Avant une telle intervention, le patient doit effectuer un bilan préopératoire sous la forme d’une série de tests. «Nous utilisons des appareils très précis et performants qui mesurent notamment l’épaisseur de la cornée et les irrégularités de la surface de l’œil. Le taux de réussite de l’opération est très élevé, mais nous n’opérons pas tout le monde. Après examen, environ un quart des candidats ne sont pas opérés. Dans la plupart des cas parce que leur cornée est trop fine ou irrégulière. Nous sommes très exigeants pour le bilan préopératoire, ce qui nous permet d’éviter les complications.»

Très courante aux Etats-Unis, en Australie et en Amérique du Sud, l’opération des yeux reste peu pratiquée chez nous. «Les Suisses sont frileux, sourit Bijan Farpour. En Europe, on la pratique davantage au sud, notamment en Espagne.» Les raisons sont aussi économiques, car les assurances ne remboursent pas l’intervention et le prix est relativement élevé: entre 2000 et 2800 francs par œil en fonction des cliniques.

Il faut cependant prendre en compte ce que dépense la personne myope, au fil des années, pour les lunettes ou les verres de contact qu’elle n’aura plus besoin d’acheter après l’intervention. Certaines assurances complémentaires, qui remboursent une paire de lunette tous les deux ans, commencent d’ailleurs à considérer la prise en charge de l’opération au laser.

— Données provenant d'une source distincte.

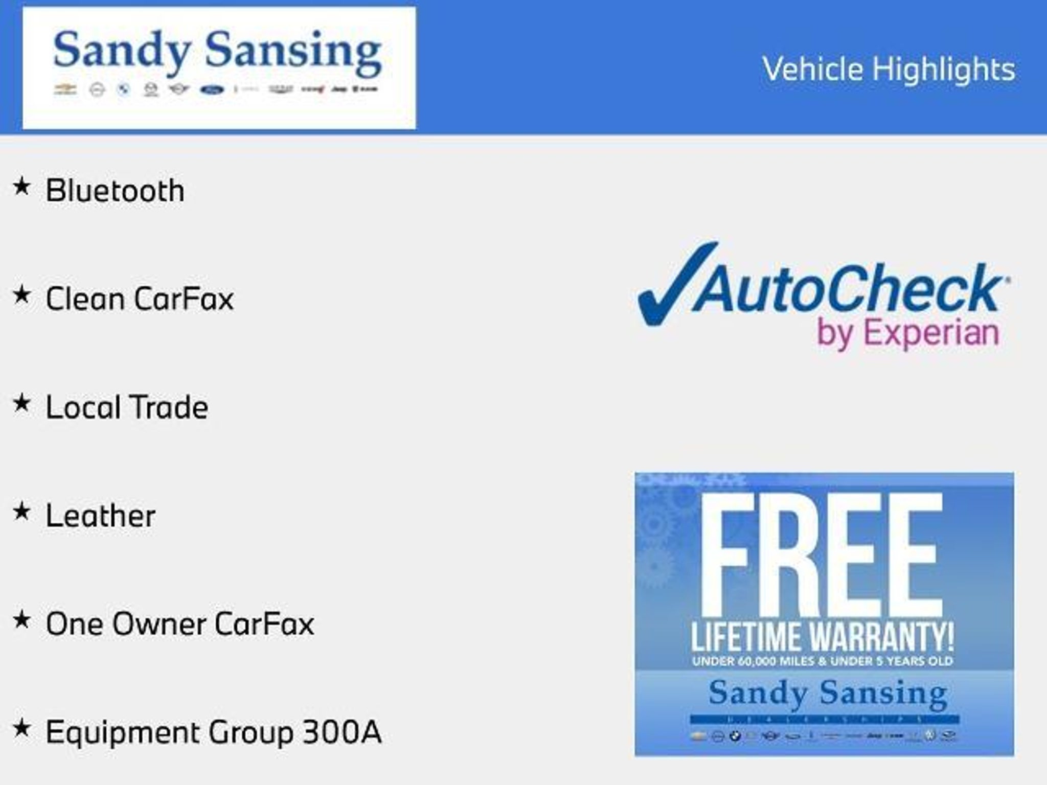 Here are more details on this Oxford White 2023 Ford Bronco Sport with Ebony/Roast Leather interior trim at Sandy Sansing Dealerships. Come see the largest inventory on the Gulf coast. Bluetooth, Clean CarFax, Local Trade, Leather, One Owner CarFax, Equipment Group 300A. Equipment Group 300A, 3.80 Axle Ratio, 4-Wheel Disc Brakes, 4G LTE Wi-Fi Hotspot Credit, 6 Speakers, ABS brakes, Air Conditioning, Alloy wheels, AM/FM radio: SiriusXM, AM/FM Stereo, Auto High-beam Headlights, Auto-dimming Rear-View mirror, Automatic temperature control, Brake assist, Compass, Delay-off headlights, Driver door bin, Driver vanity mirror, Dual front impact airbags, Dual front side impact airbags, Electronic Stability Control, Emergency communication system: SYNC 3 911 Assist, Four wheel independent suspension, Front anti-roll bar, Front Bucket Seats, Front Center Armrest, Front dual zone A/C, Front fog lights, Front License Plate Bracket, Front reading lights, Fully automatic headlights, Heated door mirrors, Heated Rear Seats, Heated steering wheel, Illuminated entry, Knee airbag, Leather Trimmed Heated Sport Contour Bucket Seats, Low tire pressure warning, Memory seat, Occupant sensing airbag, Outside temperature display, Overhead airbag, Overhead console, Panic alarm, Passenger door bin, Passenger vanity mirror, Power door mirrors, Power driver seat, Power passenger seat, Power steering, Power windows, Radio data system, Rain sensing wipers, Rear anti-roll bar, Rear Parking Sensors, Rear reading lights, Rear seat center armrest, Rear window defroster, Rear window wiper, Remote keyless entry, Security system, SiriusXM, Speed control, Speed-sensing steering, Speed-Sensitive Wipers, Split folding rear seat, Steering wheel mounted audio controls, SYNC 3 Communications & Entertainment System, SYNC 3/Apple CarPlay/Android Auto, Tachometer, Telescoping steering wheel, Tilt steering wheel, Traction control, Trip computer, Variably intermittent wipers, and Wheels: 18 Ebony Black-Painted Aluminum.

Les tarifs étant beaucoup moins élevés à l’étranger, certains Suisses n’hésitent plus à s’offrir un voyage en même temps que cette intervention chirurgicale. Ce tourisme médical a d’ailleurs été souvent médiatisé (le dernier exemple en date étant la journaliste du magazine L’Hebdo qui racontait l’an dernier sur plusieurs pages son opération oculaire, bon marché et réussie, en marge de ses vacances en Inde).

«Bien sûr, on trouve de bons praticiens ailleurs dans le monde, reconnaît le Docteur Farpour. Mais il faut savoir que la préparation et le suivi post-opératoire sont très importants dans le processus. On ne peut pas garantir ces étapes de la même manière lors d’un bref séjour dans une clinique indienne. D’ailleurs, nous avons déjà traités des patients pour des complications suite à une intervention à l’étranger. N’oublions pas qu’il s’agit d’une chirurgie délicate.» On peut bien sûr choisir d’aller moins loin, à Grenoble ou à Lyon par exemple, mais les différences de prix sont alors inférieures.

L’opération au laser séduit de plus en plus de monde. Cependant, la presbytie guette tout le monde après un certain âge et la chirurgie au laser n’y apporte pas de traitement satisfaisant pour l’instant. «D’ici à quelques années, de nouvelles techniques, dont l’implantation d’un cristallin souple, permettront peut-être de dispenser les presbytes de lunettes.» François Paul Journe, 50 ans, se réjouit déjà: «Je n’hésiterai pas à faire une telle opération. Bénéficier d’une vue optimale sans lunettes, à tout âge, c’est un confort extraordinaire.»